MICHAEL JOHNSON/Livingston County News
St. Agnes School Principal Gerald Benjamin (right) kisses Gloria the pig, a micro-mini from the Garden Factory in Clyde held by Debbie Johnson.
St. Agnes School
Dr. Ben kisses a pig for school fundraiser
For the fifth consecutive year, the students at St. Agnes School in Avon, through the Heifer International organization, have raised money to purchase livestock for needy families in a poverty-stricken nation.
This year enough money was raised to purchase four-to-five water buffalo which will be sent to Thailand, where the buffalo haul, plow and provide milk.
“It started years ago, brainstorming with the children about how we might reach out and help others,” explained St. Agnes Principal Dr. Gerald Benjamin.
The Heifer International programs offers livestock to the needy people around the world, and, as Dr. Ben suggests, simultaneously offers these same people dignity and hope in the form of economic sustainability.
“I like to think of it as bringing the triumph of the human spirit to others who are struggling,” Dr. Ben said.
During each of the last five years at St. Agnes, a type of animal, destination and fundraising target have been decided upon.
As for the fundraising, “the children have always exceeded my wildest dreams,” Dr. Ben vouched.
He has on several occasions heard a student comment, ‘There are children who need something more than I do.’
“It’s the children’s choice to give — and that’s the whole premise of what this is,” Dr. Ben explained.
When the children were polled for the 2011 program, they chanted “Heifer, Heifer!” leaving no doubt that the livestock donation should continue for another year — and this time the suggestion seemed formidable: the purchase of a literal heifer, the most expensive of choices at $500 per animal.
But the students making the suggestion noted, if everyone in grades pre-K-to-6 brought in $10, the target could be easily achieved.

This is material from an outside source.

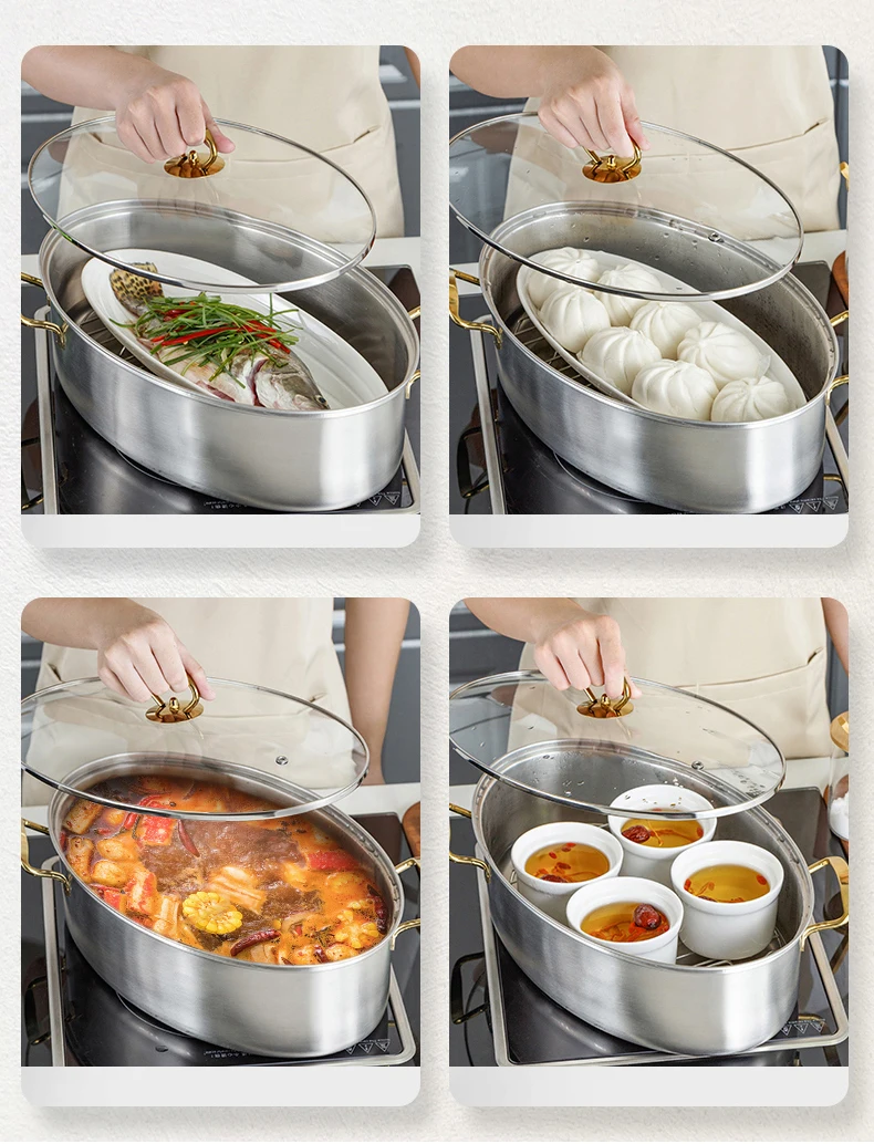 Отлично подходит для тушения рыбы. Изготовлен из нержавеющей стали 304. Отпариватель длинного диаметра 38 см: легко варить.

By the conclusion of the 2011 year, students had raised a remarkable $1,500.
“We were able to buy an ark of animals with that,” Dr. Ben reported, “and send them all around the world.”
Lamas went to Peru, heifers to Cameroon, and other livestock to China, the East Indies, Japan and Poland.

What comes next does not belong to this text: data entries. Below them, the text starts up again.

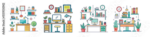 Набор офисных сцен, плоская векторная иллюстрация. Деловые люди, персонажи мужского и женского пола, работающие на компьютерах, практикующие йогу. Интерьер офиса с современными пуфиками, высоким столом, обзорной доской.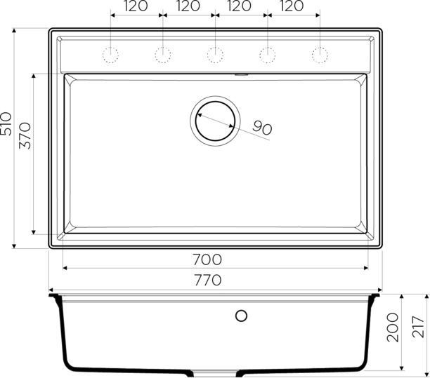 Врезная установка - способ установки, при котором в столешнице вырезается отверстие под размер мойки. Данный параметр подразумевает, что мойки будут устанавливаться поверх столешницы. Как правило размер отверстия под мойку на 2 см (20 мм) меньше внешнего размера мойки. Пример: Внешний размер мойки - 800х500 мм. Размер отверстия под данную мойку 780х480 мм.
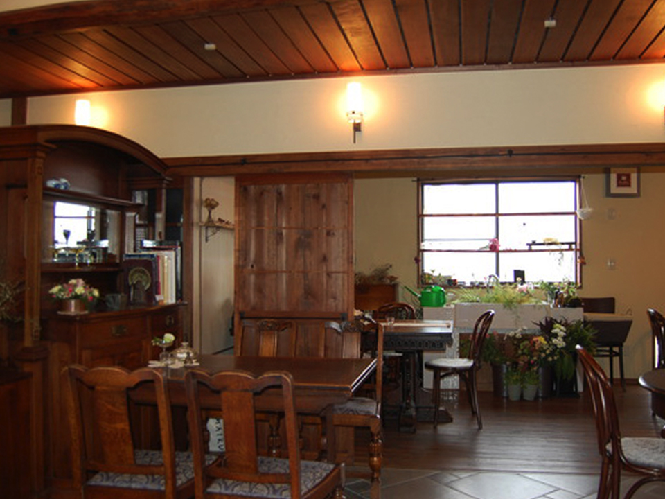 2008年に作ったカフェが、おしゃれな革製品の工房になっています。 広い真四角の空テナントだったので、外壁側に回廊を作り、 中心にカフェスペース作ることで、冬の寒さをしのぎます。 これは、古民家の縁側の知恵です。

“The little arms of these children are really stretching across the world,” Dr. Ben said.
In celebration of the generosity of the students and success of the fundraising, Dr. Ben maintains what has become an annual tradition at the school: He kisses an animal.
In December of 2011 it was a two-day-old heifer, brought to the school courtesy of Coyne Farms.
Culminating the ceremony, the six graders got to dye Dr. Ben’s hair. They selected a combined blue-green-red scheme.
The 2012 water buffalo program was nearly as successful. $250 was targeted and almost $1,200 raised, enough to purchase a small herd of water buffalo.
For the December 2012, encore, Dr. Ben volunteered to kiss a pig, a water buffalo being unavailable.
He personally located a suitable pot-bellied specimen, the runt of a litter, while Christmas shopping at The Garden Factory in Clyde where a petting zoo including pigs was featured, sponsored by an animal rescue service.
Just before Christmas vacation 2012, Dr. Ben kept his word, kissing the young pig which had been brought to St. Agnes by The Garden Factory proprietor.
And the sixth graders choose green, purple and gold for Dr. Ben’s hair.
Over the years, other creatures receiving the ceremonial December kiss from Dr. Ben have included a horse, a goat and sheep, while the program has shipped heifers, sheep, goats, lamas, water buffalo, and even chickens and geese.
“It’s a gift of life, really,” Dr. Ben said.